Visual tracking with event cameras by using E2VID and YOLO networks.
Our code has been tested on Ubuntu 16.04, in an Anaconda3 environment with Python 3.8 and the following configuration:
conda install pytorch==1.7.1 torchvision==0.8.2 torchaudio==0.7.2 cudatoolkit=11.0 -c pytorch
conda install pandas
conda install scipy
pip install opencv-python
To run the event tracker, the E2VID repository needs to be cloned, along with their pretrained model. This can be found here.
A pretrained model of the YOLOv5 network is used by loading from the Pytorch Hub. See details here.
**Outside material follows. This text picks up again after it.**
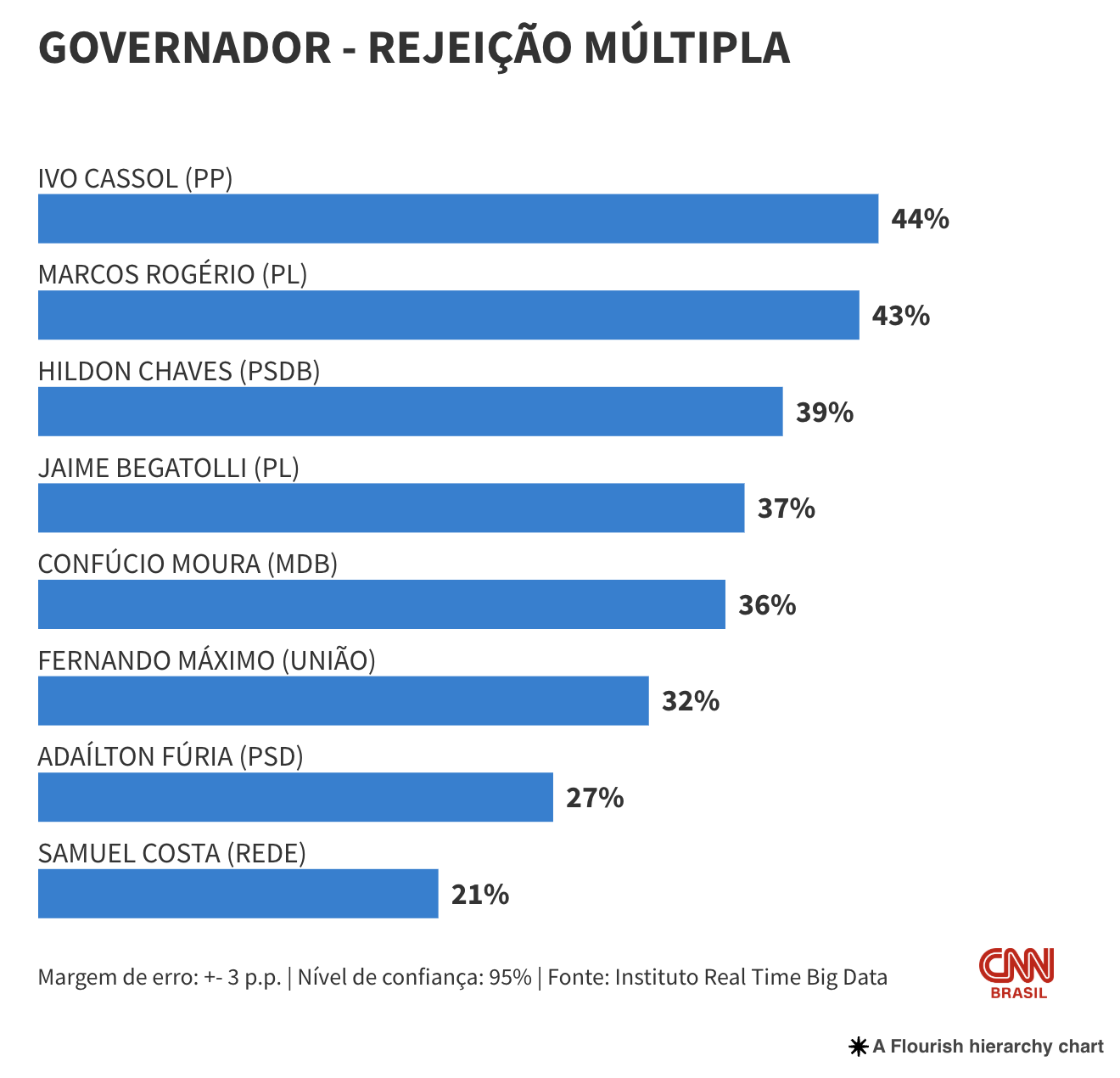 Para efeito de comparação, em outro estado, uma pesquisa recente mostrou que o senador Omar Aziz (PSD) liderava índices de rejeição — 41% — entre pré-candidatos ao governo do Amazonas.

python estimation_event_tracker.py \
--input e2vid/rpg_e2vid/data/events.txt \
--output_folder output/ \
--det_class 0 \
--num_events_per_pixel 0.5
This work uses the E2VID and YOLOv5 neural networks.
- H. Rebecq, R. Ranftl, V. Koltun, and D. Scaramuzza, “High speed andhigh dynamic range video with an event camera,” IEEE Transactions on Pattern Analysis and Machine Intelligence, vol. 43, no. 6, pp. 1964–1980, 2021.
- G. Jocher et al., “YOLOv5n ’Nano’ models, Roboflow integration, Tensor-Flow export, OpenCV DNN support,” doi:10.5281/zenodo.5563715,2021.